The molar teeth of Giganto are low-crowned and flat, with very thick enamel caps. The premolars are molarized: that is, they have become broad and flattened, and thus resemble molars. The canine teeth are not sharp and pointed, but are rather broad and flat, more like what one would expect premolars to be; the incisors are small, peglike, and closely packed. These observations, combined with the massive jaw morphology, make it really an inevitable conclusion that the animal was adapted to the consumption of tough fibrous foods by cutting, crushing, and grinding them.

(Ciochon et al., 1990)
Ciochon et al., (1990) then go on to compare this morphology with that of the giant panda, another bamboo eater, and infers a diet of bamboo for Gigantopithecus.
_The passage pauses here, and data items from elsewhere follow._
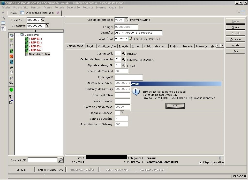 Ronda XT - Integração com Hardware - Erro do banco (904): ORA-00904: BLOQ: invalid identifier
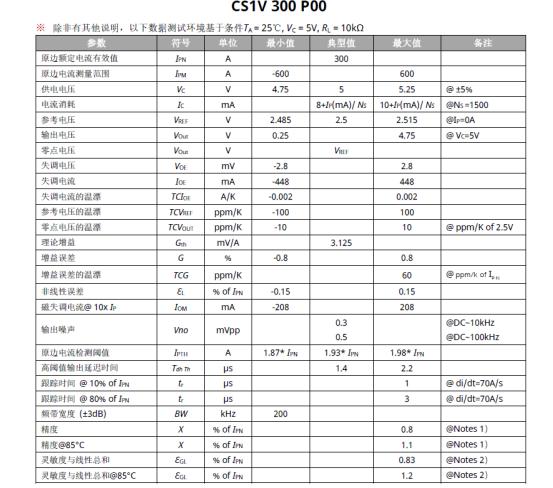 额定与测量范围:例如 CS1V-200P00 额定 200 A,测量范围 ±450 A。
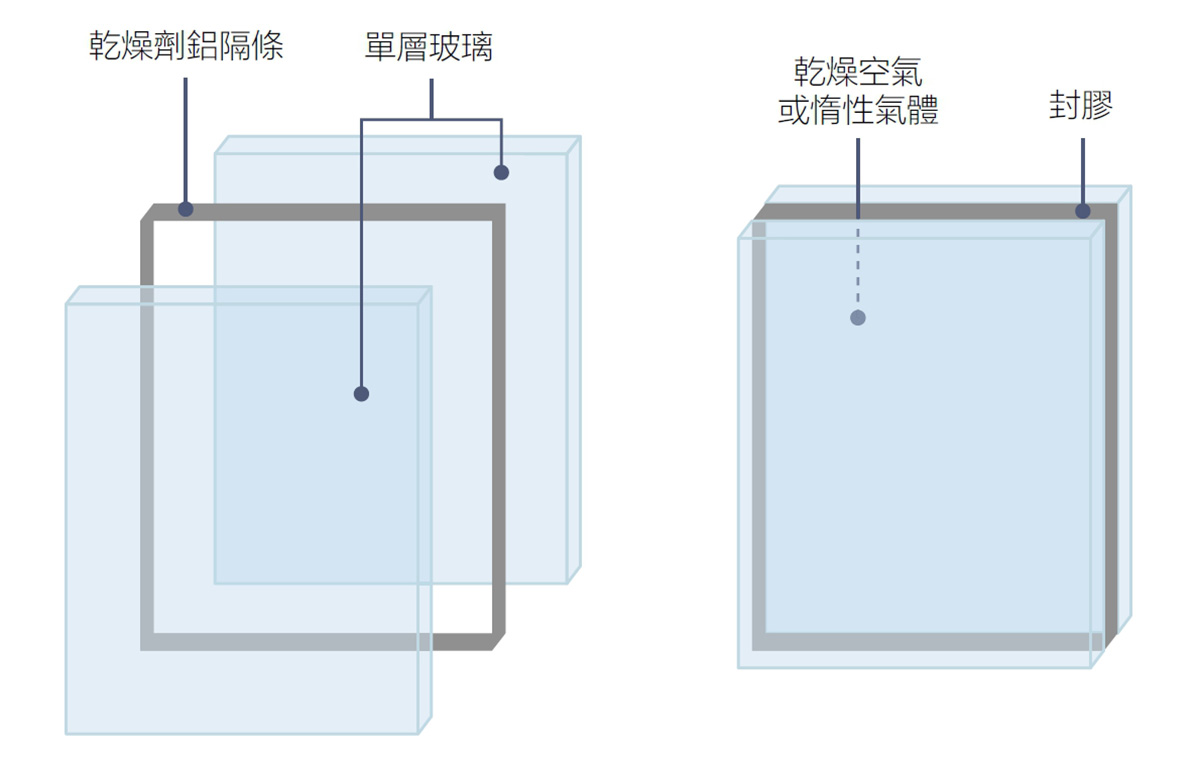 是由兩片以上的玻璃,藉由內含乾燥劑之鋁隔條所組合而成的中空型式玻璃,為確保玻璃中空層的乾燥,玻璃內側會充填乾燥空氣或惰性氣體(通常為氬氣),四周並以封膠方式進行密封;由於中空層的乾燥空氣或惰性氣體相對濕度較低,因此能提供較佳的隔熱效果,並使玻璃中空層與外側玻璃面不容易出現結露。
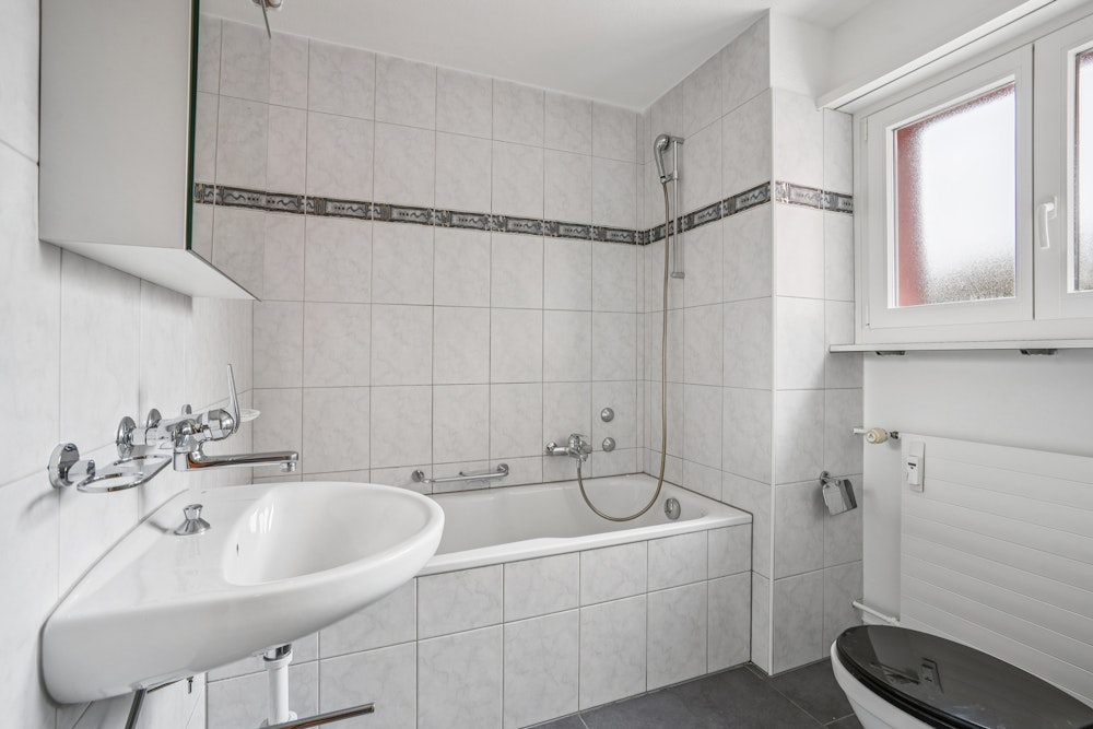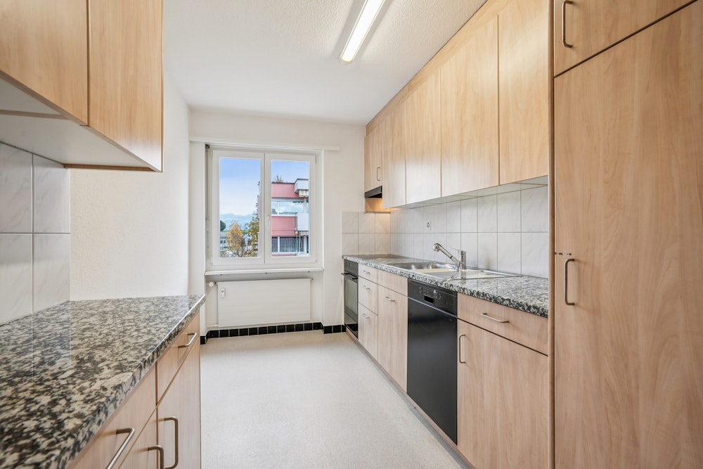 Die separate, geschlossene Küche bietet viel Stauraum und Arbeitsfläche. Küche, Bodenbeläge und sanitäre Einrichtungen entsprechen nicht mehr dem heutigen Standard und bieten Potenzial für individuelle Modernisierung.

While bamboo is a grass, the phytolith analysis does not technically either confirm or deny this theory, since it is not capable of defining the type of grass the phytolith came from. What was surprising to Ciochon was the suggestion of fruit in the diet of Gigantopithecus. Ciochon et al (2) (1990) have identified the fruit as belonging to a species in the family Moraceae or a closely related family and state "Judging from the present frequency of dental phytoliths in Gigantopithecus, fruits may have constituted a significant portion of the diet," and go on to note that the high sugar content of this type of fruit may be responsible for the high incidence of cavities in Gigantopithecus teeth (11%).
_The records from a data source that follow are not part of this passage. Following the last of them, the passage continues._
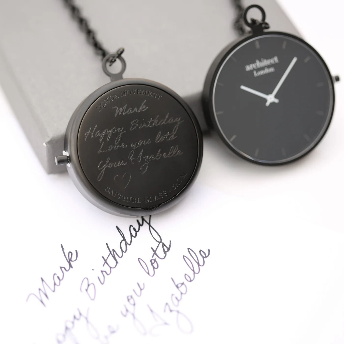 A bold modern design. Premium engineering. Personalised with your own handwriting. This is a pocket watch created not just to be worn—but to be treasured forever.
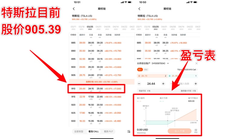 该期权合约,倘若我们现在买入,那么在 2022 年 3 月 25 日,特斯拉股价只有达到 910+24.44=934.44 美元至少是保本,只有超过 935 美元才有的赚。其实在长桥进行期权交易,可以很清楚的看到盈亏点,目前在其他证券还未看到,这是一个比较不错的设计,给产品经理点赞!
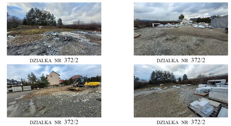 Działka nr 372/2 o powierzchni 2800 m2 ma kształt zbliżony do prostokąta dłuższym bokiem usytuowanego w kierunku północny – wschód/południowy – zachód. Nieruchomość częściowo ogrodzona siatką. Teren porośnięty zielenią niską, wysoką oraz fragmenty utwardzone. W południowo – zachodniej części zlokalizowany jest kojec dla psa, w południowo - centralnej części garaż blaszany oraz w północno – wschodniej części namiot magazynowy. Na fragmencie działki zamontowane panele fotowoltaiczne na stelażach. Teren nieruchomości zaśmiecony (m. in.: gruz, pustaki, drewno). Działka bez przyłączy.
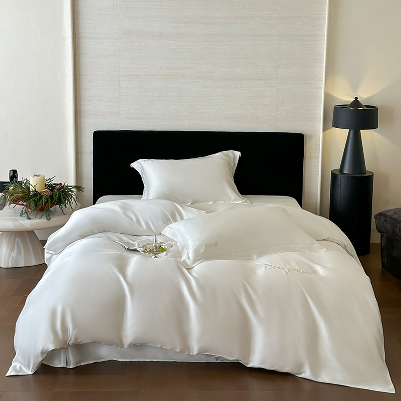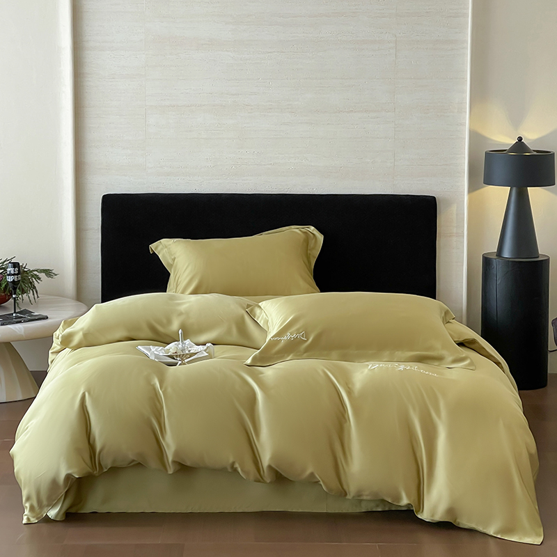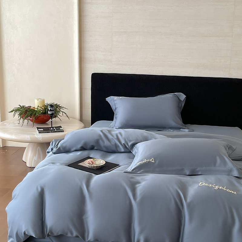 黛舒家居 2025新款60S兰精天丝纯色简绣四件套 石青

The results of this study are reported in less complete and less technical terms in the book Other Origins (Ciochon et al, 1990), and in a review of that book Jeffrey H. Schwartz (1991) notes that a great deal is being drawn from the analysis of four teeth, upon only two of which were found phytoliths, with the greatest concentration on only one. Clearly a larger sample of teeth need to be similarly analyzed, but reading the report it is difficult not to share Ciochon's (et al. (2) 1990) excitement at the findings and for the employment of this technique in paleoanthropology in general.